Linux version 2.6.32-220.23.1.bl6.Bull.28.8.x86_64
(efix@atlas.frec.bull.fr)
(gcc version 4.4.5 20110214 (Bull 4.4.5-6) (GCC) )
#1 SMP Thu Jul 5 16:46:35 CEST 2012

===
MPI
===

bullxmpi/1.1.16.5

========
Compiler
========

ifort (IFORT) 12.1.0 20111011

===
MKL
===

/usr/local/Intel_compilers/c/composer_xe_2011_sp1.7.256/mkl

=========
Link line
=========

mpif90 -o INTEL/par_test_dd_methods_3D_structured_ela_overlap.O INTEL/Objects_O/par_test_dd_methods_3D_structured_ela_overlap.o
INTEL/Objects_O/parprob.o INTEL/Objects_O/femprob.o -LINTEL -L/ccc/cont005/home/pa0909/martinha/metis
-L/ccc/cont005/home/pa0909/martinha/gidpost/unix -L/usr/local/Intel_compilers/c/composer_xe_2011_sp1.7.256/mkl/lib/intel64
-L/ccc/cont005/home/pa0909/martinha/Trilinos-Interfaces/Sources/CXX_TrilinosFlatInterfaces
-L/ccc/cont005/home/pa0909/martinha/Trilinos-Interfaces/Sources/For_TrilinosShadowInterfaces/Executables/INTEL
-lprob_O -lpar_O -lfem_O -lmetis -lgidpost_O -lmkl_intel_lp64 -lmkl_intel_thread -lmkl_core -openmp -lpthread -ltrilinosshadowinterfaces_O

Alberto_F__M_ · ‎03-11-2013

Hi,

I could now narrow down the problem significantly.

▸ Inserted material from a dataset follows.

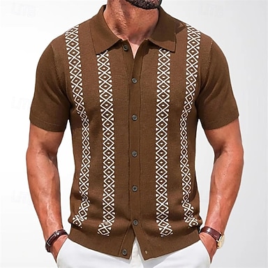 Herr Skjorta Casual skjorta Knapp upp skjorta Jacquardskjorta Svart Marinblå Brun Kortärmad Slät Tröjkrage Ledigt Dagligen Framficka Kläder Elegant Vintage Mode Ledigt

I have a small serial program that reads a sparse matrix from a file and factorizes it using the sparse direct solvers included in PARDISO MKL. When I execute the program with the matrix of interest, PARDISO factorizes it succesfully. No SIGSEV is produced. However, if I transform this small sequential program to a message-passing program (i.e., wrapping its codes around MPI_INIT/MPI_FINALIZE and executing it using mpirun) then a SIGSEV appears. Therefore, the problem seem to be related to the combination of PARDISO MKL and the message-passing environment (OpenMPI).

I could provide the sparse matrix in matrix market format if required.

Best regards,

Alberto.g

Zhang_Z_Intel · ‎03-11-2013

Alberto, this is great. I really appreciate you took effort to narrow down the scope of the problem. Yes, please do send the test matrix, as well as code snippets showing how you call PARDISO and MPI functions.

Alberto F. M. wrote:

Hi,

I could now narrow down the problem significantly.

I have a small serial program that reads a sparse matrix from a file and factorizes it using the sparse direct solvers included in PARDISO MKL. When I execute the program with the matrix of interest, PARDISO factorizes it succesfully. No SIGSEV is produced. However, if I transform this small sequential program to a message-passing program (i.e., wrapping its codes around MPI_INIT/MPI_FINALIZE and executing it using mpirun) then a SIGSEV appears. Therefore, the problem seem to be related to the combination of PARDISO MKL and the message-passing environment (OpenMPI).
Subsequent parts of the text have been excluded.